21. L518, 522, 551: lymphocytes/neutrophils immunolabelling IFN – you are not addressing production

Author’s response:

Agreed.

 

22. L522: On the other hand – Cancel

Author’s response:

Agreed.

 

23. L524: “In fact” – Cancel

Author’s response:

Agreed.

 

24. L535: immunoreactivity > immunolabelling

Author’s response:

Agreed.

 

25. L536: In the present work > Here

Author’s response:

Agreed.

 

26. L540: signs > paratuberculosis

Author’s response:

Agreed.

 

27. L540: Taken together – Cancel

Author’s response:

Agreed.

 

28. L544-545: In this sense, a weak > Early deficient innate…

Author’s response:

Agreed.

 

29. L551 or phagocytosis…

Author’s response:

Agreed.

 

30. Other: “n” should be italicized

Author’s response:

Agreed.

 

REFERENCES

González, J., Geijo, M. V., García-Pariente, C., Verna, A., Corpa, J. M., Reyes, L. E., Ferreras, M. C., Juste, R. A., García Marín, J. F., & Pérez, V. (2005).
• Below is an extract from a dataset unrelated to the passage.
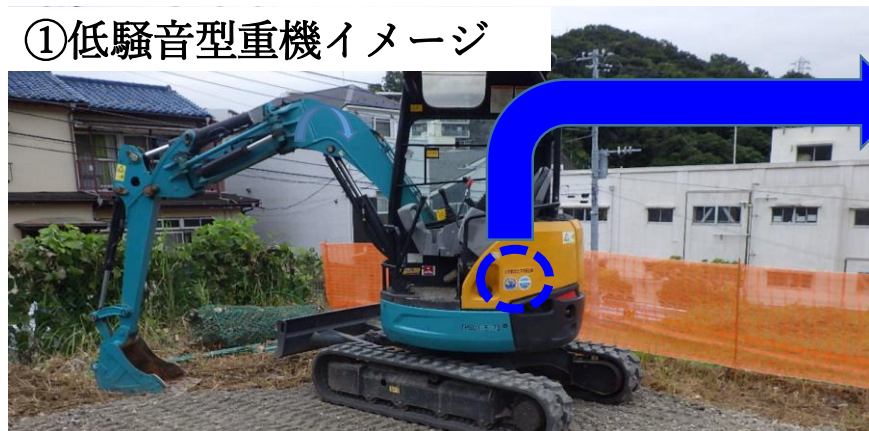
① 低騒音型重機イメージ

Histopathological classification of lesions associated with natural paratuberculosis infection in cattle. Journal of comparative pathology, 133(2-3), 184–196.

Zapico, D., Espinosa, J., Criado, M., Gutiérrez, D., Ferreras, M. D. C., Benavides, J., Pérez, V., & Fernández, M. (2025). Immunohistochemical expression of TLR1, TLR2, TLR4, and TLR9 in the different types of lesions associated with bovine paratuberculosis. Veterinary pathology, 62(3), 305–318.